On te dira probablement que tu devrais y réfléchir encore, que des bébés t’auras toute la vie pour en faire. Et puis, on te dira qu’on s’inquiète pour toi, que le papa te laissera peut-être toute seule, que ton avenir, ben, il n’aura pas l’air de grand-chose. Et puis tes études; comment pourras-tu finir tes études? Certains tenteront de te faire changer d’idée en te rappelant à quel point tu détestes ta job de caissière au dépanneur du coin, à quel point étudier avec un enfant c’est l’enfer.
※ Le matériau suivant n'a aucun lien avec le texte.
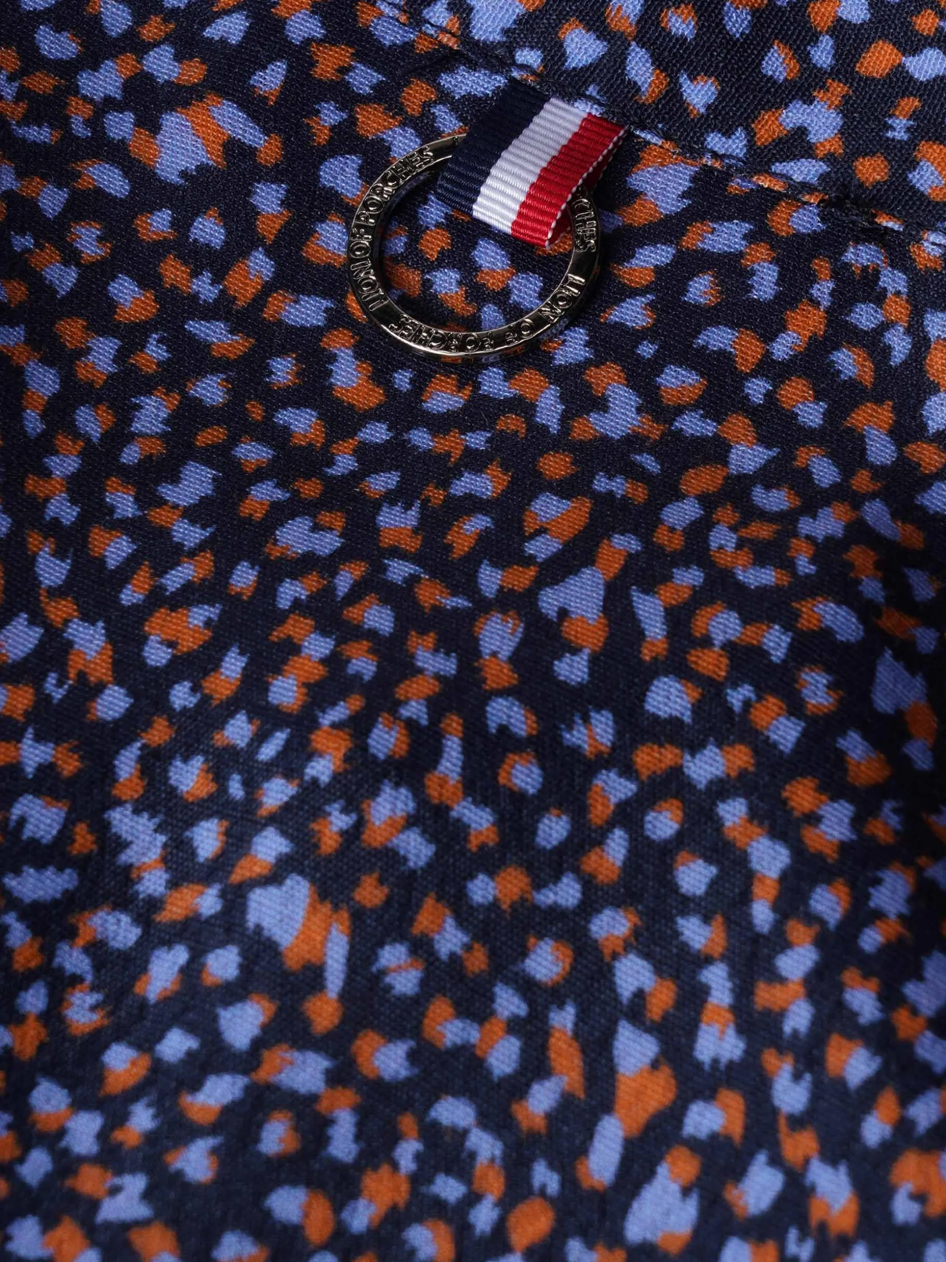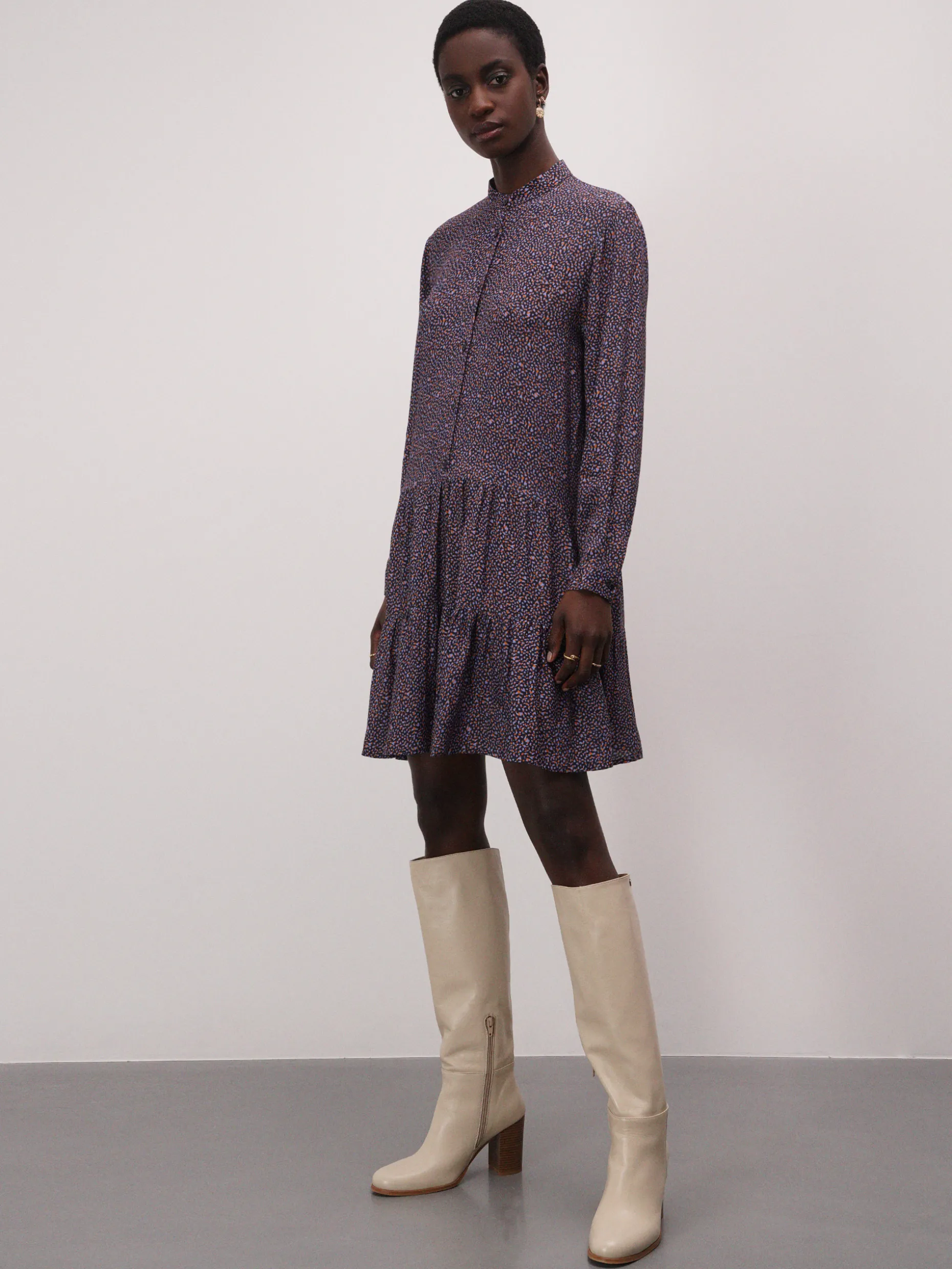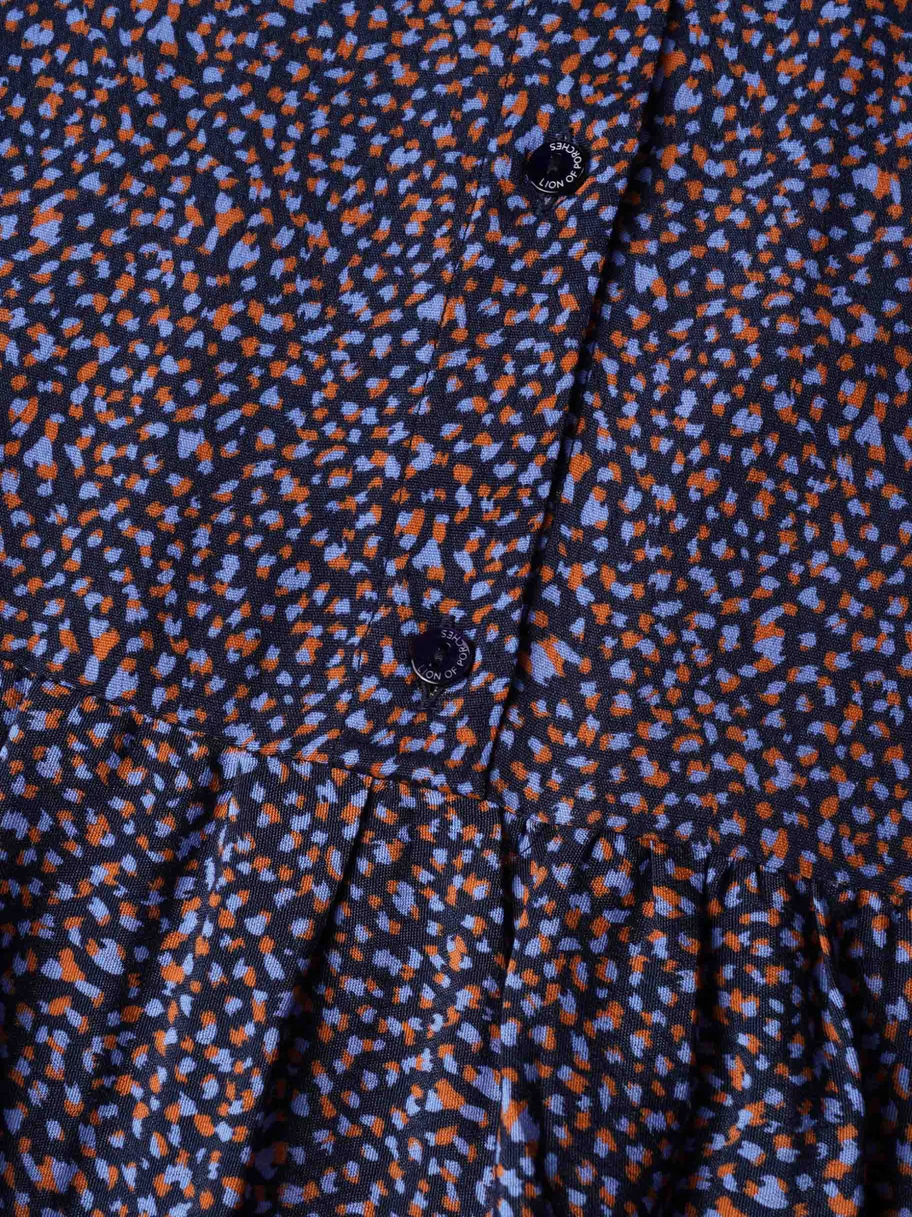 Vestido fluido estampado com folho. Cintura descida. Punhos abotoados. Aperta na frente com botões.

Je te souhaite que tout ça ne te concerne pas. Que les gens qui t’entourent sachent que, dans la vie, le pire qu’il peut t’arriver, c’est que tu vas finir par t’en sortir. Toutes ces choses, on me les a dites, et j’y ai presque cru. C’est vrai, j’avais dix-huit ans et des poussières, je détestais l’école, surtout depuis qu’une de mes profs avait habilement déclaré à la classe que les jeunes mères étaient statistiquement reconnues pour scraper leur vie professionnelle. Le papa, je ne le connaissais pas vraiment plus que le bébé dans mon ventre; c’était un amour incertain, un genre de pile ou face ou je n’avais même pas le luxe de lancer la pièce.

Je te rassure, belle petite maman en devenir. Toutes les histoires ne finissent pas en queue de poisson. C’est normal d’avoir peur, c’est normal d’en vouloir à tous ces énergumènes qui te jugent sans te connaître. Sache qu’au fond, ce que ces gens voient, c’est ce que tu veux bien leur montrer.  Laisse ta peur de côté et fonce, parce qu’au fond, tu sais que tu peux le faire et personne n’a le droit d’essayer de t’en décourager. J’étais moi-même un cas désespéré aux yeux des autres. Aujourd’hui, je termine un BAC en journalisme dans une langue que j’ai apprise en écoutant la télé, ma grande fille aura six ans en avril et le papa, et bien il n’est jamais parti.

Fonce, ne regarde pas derrière et s’il te plaît, laisse faire les statistiques.  La seule raison qu’elles ont d’exister, c’est pour que tu puisses mieux les faire mentir.